So, I forgot a little about these things last semester. I was all caught up in figuring out my place, goals, and life in this new program. I didn't see the world around me, or I was too cognitively occupied to notice these things. But this semester, these aspects of academia about which I learned in college have again come to light.

I was trudging along, trying to get help and meeting resistance by all members of the academic-stasi who shot down what I want to study, how I want to study it, and why it matters.

Ok, so here's what I care about. I think food matters. I think it matters in a lot of ways. It matters that people have enough to eat, it matters where it comes from, how it gets where it's going, who grows it, how they grow it, how people eat it, how people feel about all of these things. I want to tell a story about some aspect of food. I think stories are the best vectors for ideas. I know how to do statistics, I get good grades in math classes, I just think they're boring and arrogant.

So, my ideas were met with a lot of hostility both for the content and the methods by a lot of people. Yet, the clouds of skepticism broke for a moment today with the chair of our department. She not only nurtured my ideas, my way of thinking, but also filled me with more enthusiasm than I came in with. She pushed me to think about the classical theorists, to consider different ways of thinking about my problem, while also coming up with tangible goals toward a realistic master's project.

She and I discussed the silliness of purely rational thinking, how academics write obscurely and why, the futility of thinking only in terms of the scientific method. She gave me practical advice on how to approach difficult theories (read two interpretations of someone like Marx and then read Marx himself). On top of all this, she said she would be *honored* to be on my committee. Que simpatica.

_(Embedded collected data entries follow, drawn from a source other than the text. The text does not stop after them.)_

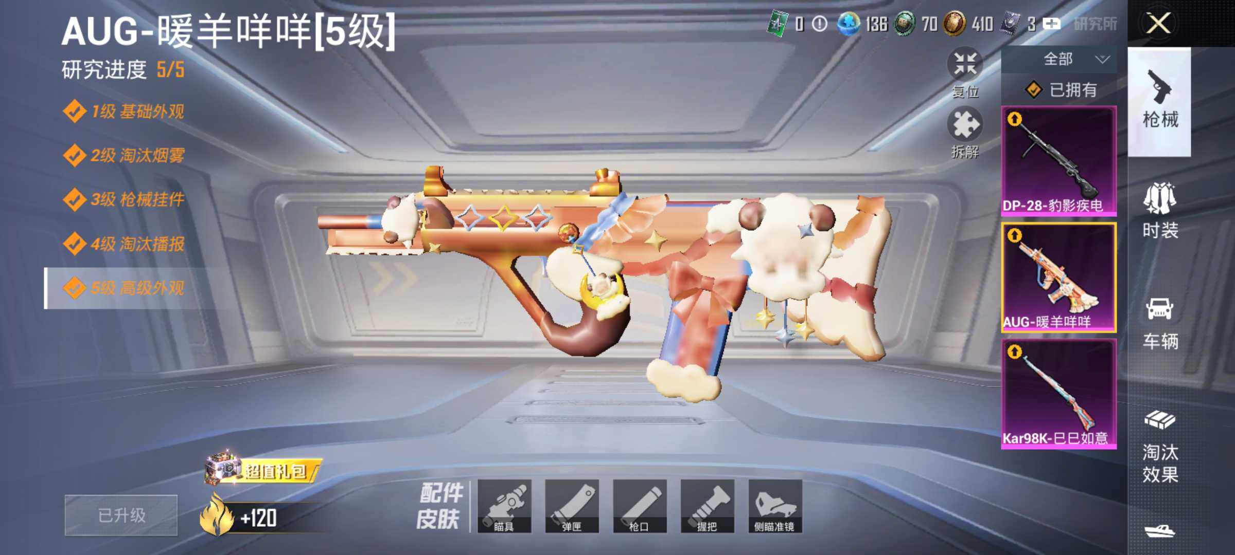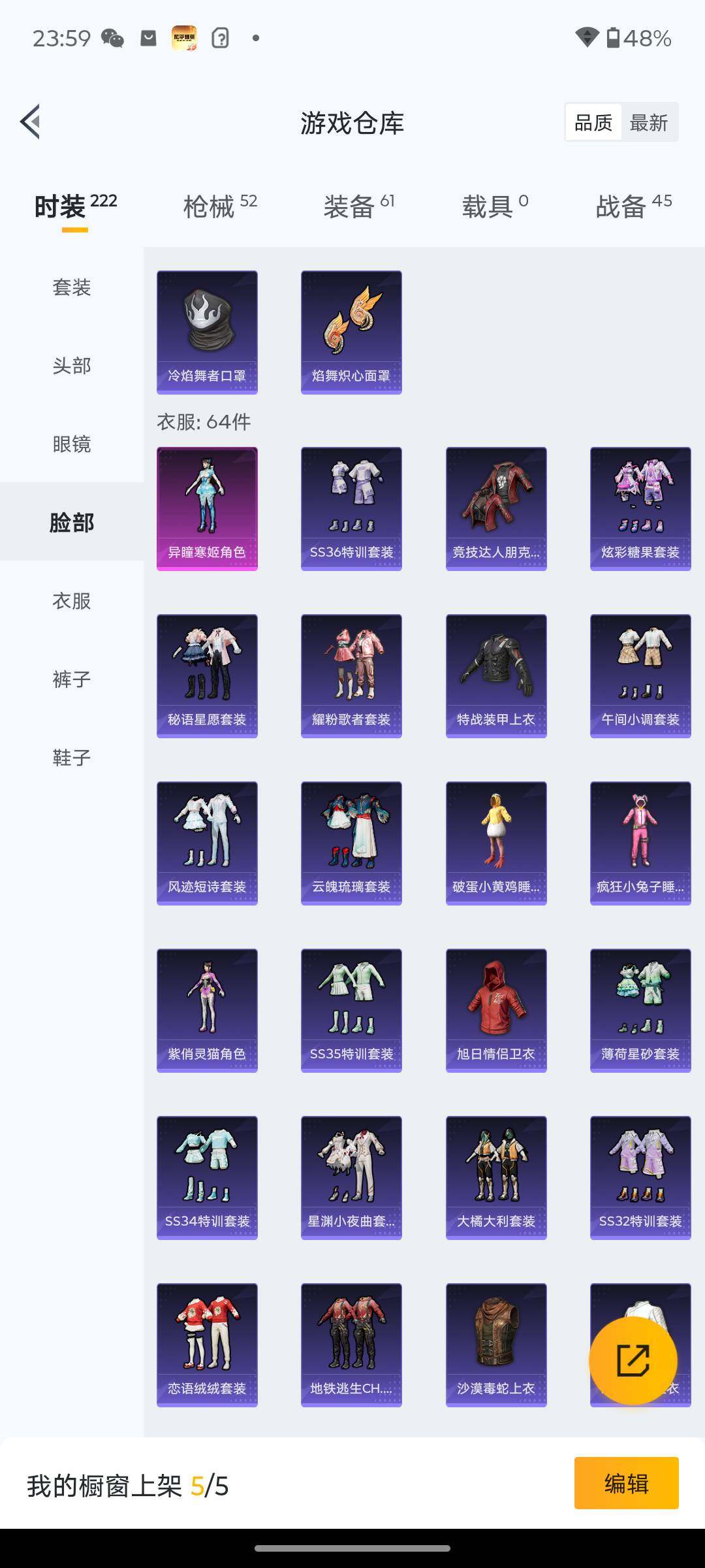 6018-1粉装-3特效呛-0载具-1粉色飞行器-15648热力值-2王牌印记-53套装-52呛皮 【粉色套装】:角色-异瞳寒姬 【粉色呛皮等级】:aug-暖羊咩咩五级,kar98k-巳巳如意五级,dp-28-豹影疾电四级 【粉色呛皮】:aug-暖羊咩咩,kar98k-巳巳如意,dp-28-豹影疾电 【粉色降落伞】:千金淑猫降落伞,樱桃泡泡降落伞,桃粉嫣然降落伞,异瞳寒姬降落伞
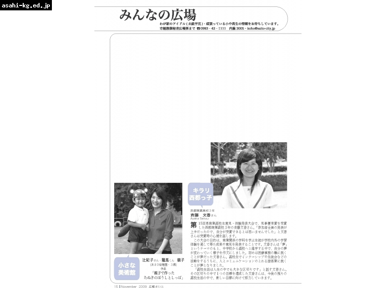 卒園生ニュース他 2009/11/03 西都市の広報誌『広報さいと』11月号の「みんなの広場」のページに、本園第23回卒園生の斉藤文香さんが「キラリ西都っ子」で掲載されています。また、「小さな美術館」には辻龍馬くん親子が掲載されています。どうぞご覧下さい。 共有: Facebook で共有するにはクリックしてください (新しいウィンドウで開きます) Facebook クリックして X で共有 (新しいウィンドウで開きます) X いいね:いいね 読み込み中… コメントを残す コメントをキャンセル入力エリアすべてが必須項目です。メールアドレスが公開されることはありません。内容をご確認の上、送信してください。 次回のコメントで使用するためブラウザーに自分の名前、メールアドレス、サイトを保存する。 上に表示された文字を入力してください。 Δ
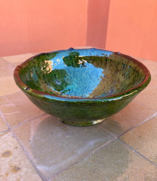 Veuillez noter qu’aucune pièce n’est parfaite: fissures, coulures, bosses, asymétries, etc font partie intégrante des poteries de Tamegroute. La couleur verte diffère à chaque objet, de clair à foncé, et peut parfois ne pas recouvrir la pièce en totalité, laissant ainsi découvrir l’argile. Ces jolis bols vous servirons à prendre votre petit déjeuner ou encore pour vos apéritifs etc…
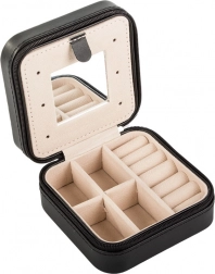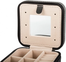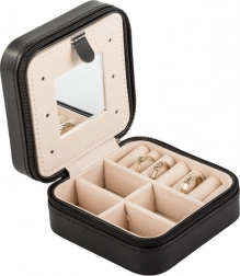 Trdna konstrukcija, mehko oblazinjenje in varno zapenjanje na zadrgo ščitijo vaš nakit pred poškodbami in izgubo. Zaradi kompaktnih mer 10 × 10 × 5 cm se zlahka prilega torbici ali ročni prtljagi – idealno tudi kot okusno darilo.

My chair is a rare gem in this individualistic world of academia. She renewed the spark in me to learn for the sake of curiosity, not just because I'm doing it professionally. Without her, at this moment I'd be lost.

Monday, February 20, 2012

Ranting Ron Paul in Idaho

I met Ron Paul in Friday. He was in town for a rally at University of Idaho's student center. I popped in to get a sort of anthropological sense of the event. Who would be there? How many people? What kind of rhetoric would Paul be spouting?

I stepped into the student center only to be greeted with a line of people waiting to get into the auditorium. What were they waiting in line for? The rally had already started. There was no chance that the people filling the auditorium would be leaving -- so what was the point of these people outside the auditorium standing in line? For a country that is remarkably selfish, I was surprised to see how these dumb people just stood around for no end. I walked right past the line to another entrance to the auditorium. I couldn't see Paul from where I was, but I could hear every word.

The place was packed. It was mostly students, but I don't know if that is because it was at a university, or because young people have been flocking to Ron Paul lately. The usual republican types were there -- the leather american flag jacket type, the collared shirt buttoned up to the top type, the old and racist-looking type -- but at least there were no corporate types. There were a decent amount of young student-types, and I couldn't tell if they were just gawking or supporters.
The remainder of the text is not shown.